Note that I'd generally expect that iwlist would error with 'no wireless extensions' due to the absence of WEXT, so the above is somewhat of a guess.

HTH & best ... khay

----------

## Pearlseattle

 *Quote:*   

> EDIT: Separate problems with WICD and network manager are preventing either software from helping.

 

Compliments - you reached 50%  :Very Happy: 

@khayyam

Sorry, I am not sure if I understood correctly:

what you wrote is related to the "client" SW, right? Not needed to make the wifi-NIC work through wicd or network mgr, right?

On my side, I would proceed as follows:

1) after being able to see the wifi-NIC with "ifconfig -a" and checking that it is not switched off with "rfkill list" I would fully focus on making "wicd" & "wicd-curses" work.

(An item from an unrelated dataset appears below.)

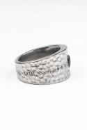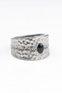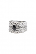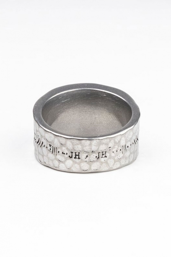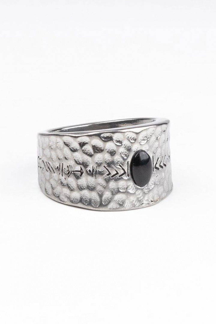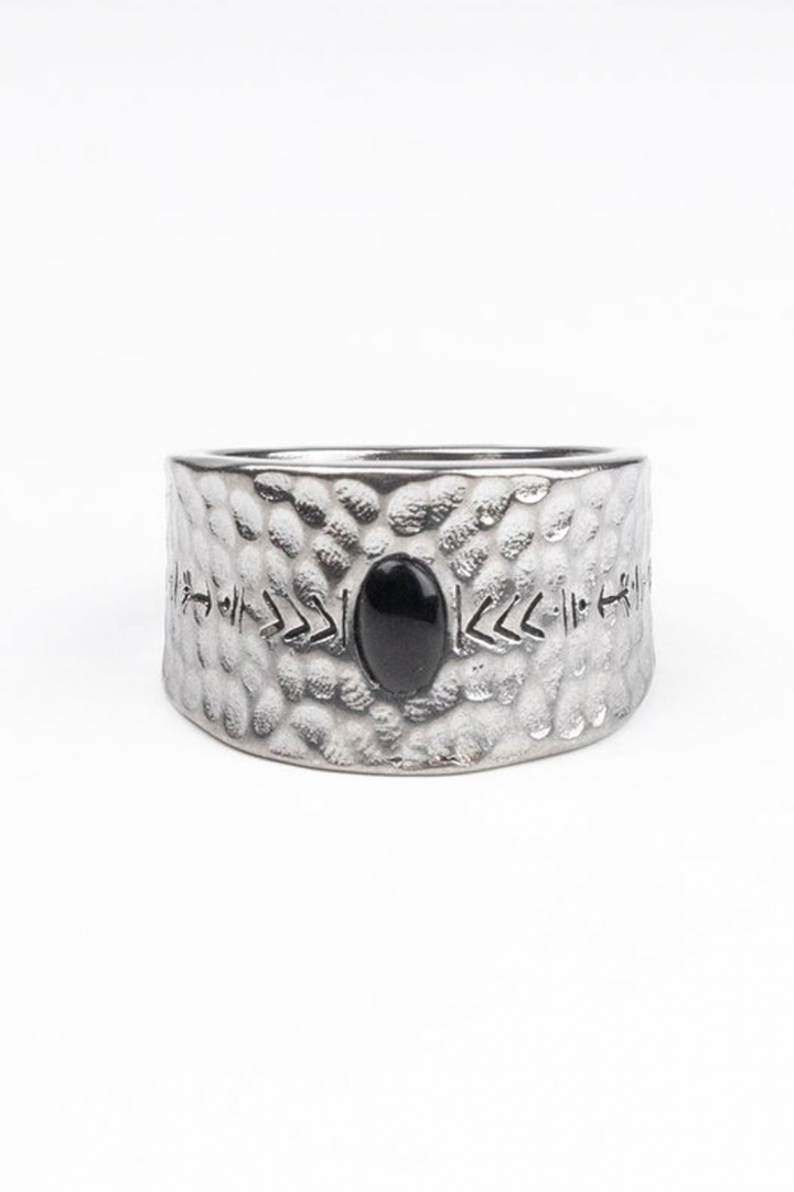 - Sormus, jossa on vasaralla hakattu ilme. Sen ympärillä on pieni kuvio ja sen päällä on pieni lasikivi
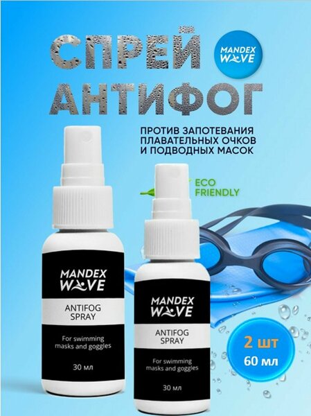 Средство от запотевания очков для плавания разработано таким образом, чтобы учесть все недостатки современных антифог - средств для плавания и глубоководного погружения. Если вы занимаетесь профессиональным плаванием в бассейне и на открытой воде Антифог MANDEX WAVE станет незаменимым помощником для достижения спортивных результатов. Антифог эффекта от однократной обработки очков хватает до двух марафонских заплывов. Спрей для очков для плавания просто и удобно наноситься на поверхность линз. Необходимости протирать и сушить очки после обработки нет. Спортсмен после обработки максимально быстро готов к заплыву. Антизапотеватель для очков подходит для всех водных видов спорта, в том числе триатлон. Защита от запотевания плавательных очков после обработки сохраняется на несколько тренировок! Линзы не запотевает даже в условиях высокой влажности.

2) if "wicd-curses" does not show any access point, check the current wifi-module settings with "systool -m rt2800pci -av" and potentially change them to see if it makes things better.

----------

## Aiken

From my own playing both iwlist wlan0 scan and iw wlan0 scan work when wext is compiled into the kernel. Removing wext only iw wlan0 scan works. My experience says with wext wicd gets a list of ap and a kernel that does not have wext wicd does not get a list of ap.

iwlist without wext in the kernel gives the "Interface doesn't support scanning. " message.

In the past I had enough trouble with network manager I still refuse to use it so stay with wicd. I have kept wext compiled in.

----------

## khayyam

 *Pearlseattle wrote:*   

> @khayyam Sorry, I am not sure if I understood correctly: what you wrote is related to the "client" SW, right? Not needed to make the wifi-NIC work through wicd or network mgr, right?

 

Pearlseattle ... in the case of wicd and wireless-tools these use the now depreciated WEXT, they don't support NL80211, so CFG80211_WEXT (the WEXT compatibility layer) must be enabled in order to use them. NetworkManager on the other hand does use NL80211 directly, so CFG80211_WEXT is not needed. Anyhow, I read the above "separate problems" as meaning that these are not working for other reasons ... and was primarily responding to the error from 'iwlist'.

best ... khay

----------

## windex

 *khayyam wrote:*   

> 
> 
> ... scan using 'iw'
> 
> HTH & best ... khay

 

It worked!  Thanks to everyone for your help!  I'll go ahead and make a separate thread to work on network-manager!

Thanks!

----------

## Pearlseattle

 *khayyam wrote:*   

>  *Pearlseattle wrote:*   @khayyam Sorry, I am not sure if I understood correctly: what you wrote is related to the "client" SW, right? Not needed to make the wifi-NIC work through wicd or network mgr, right? 
> 
> Pearlseattle ... in the case of wicd and wireless-tools these use the now depreciated WEXT, they don't support NL80211, so CFG80211_WEXT (the WEXT compatibility layer) must be enabled in order to use them. NetworkManager on the other hand does use NL80211 directly, so CFG80211_WEXT is not needed. Anyhow, I read the above "separate problems" as meaning that these are not working for other reasons ... and was primarily responding to the error from 'iwlist'.
> 
> best ... khay

 

Got it - thanks a lot  :Smile: 

And I just checked and I do have "CFG80211_WEXT" enabled - just pure luck.

----------